* _The problem_
Starting at the line holding "Technické špecifikácie: Model: Viking" and finishing at the line holding "Türkiye İstatistik Kurumu", transcribe the material exactly, keeping both ends but no pictures.

* _Data supplied_

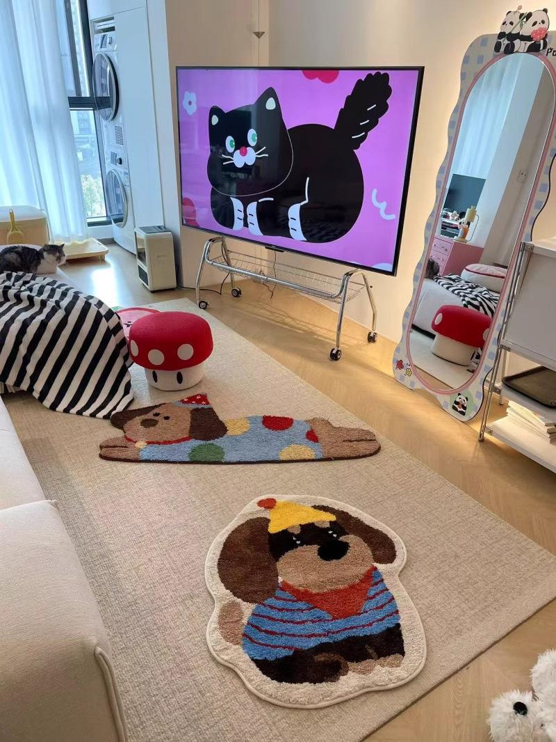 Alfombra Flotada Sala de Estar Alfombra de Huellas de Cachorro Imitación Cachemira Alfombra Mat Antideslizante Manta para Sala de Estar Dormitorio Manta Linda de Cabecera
---
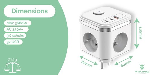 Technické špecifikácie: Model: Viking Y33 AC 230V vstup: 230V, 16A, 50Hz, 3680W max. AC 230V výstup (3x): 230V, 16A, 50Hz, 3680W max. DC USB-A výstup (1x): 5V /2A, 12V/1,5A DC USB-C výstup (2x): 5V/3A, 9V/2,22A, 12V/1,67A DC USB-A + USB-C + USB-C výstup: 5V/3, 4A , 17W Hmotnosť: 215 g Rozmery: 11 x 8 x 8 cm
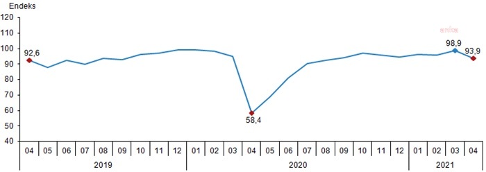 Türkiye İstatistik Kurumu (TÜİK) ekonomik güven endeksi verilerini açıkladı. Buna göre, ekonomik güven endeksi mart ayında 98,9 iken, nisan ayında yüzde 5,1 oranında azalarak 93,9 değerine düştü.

* _Task output_
 Technické špecifikácie: Model: Viking Y33 AC 230V vstup: 230V, 16A, 50Hz, 3680W max. AC 230V výstup (3x): 230V, 16A, 50Hz, 3680W max. DC USB-A výstup (1x): 5V /2A, 12V/1,5A DC USB-C výstup (2x): 5V/3A, 9V/2,22A, 12V/1,67A DC USB-A + USB-C + USB-C výstup: 5V/3, 4A , 17W Hmotnosť: 215 g Rozmery: 11 x 8 x 8 cm
 Türkiye İstatistik Kurumu (TÜİK) ekonomik güven endeksi verilerini açıkladı. Buna göre, ekonomik güven endeksi mart ayında 98,9 iken, nisan ayında yüzde 5,1 oranında azalarak 93,9 değerine düştü.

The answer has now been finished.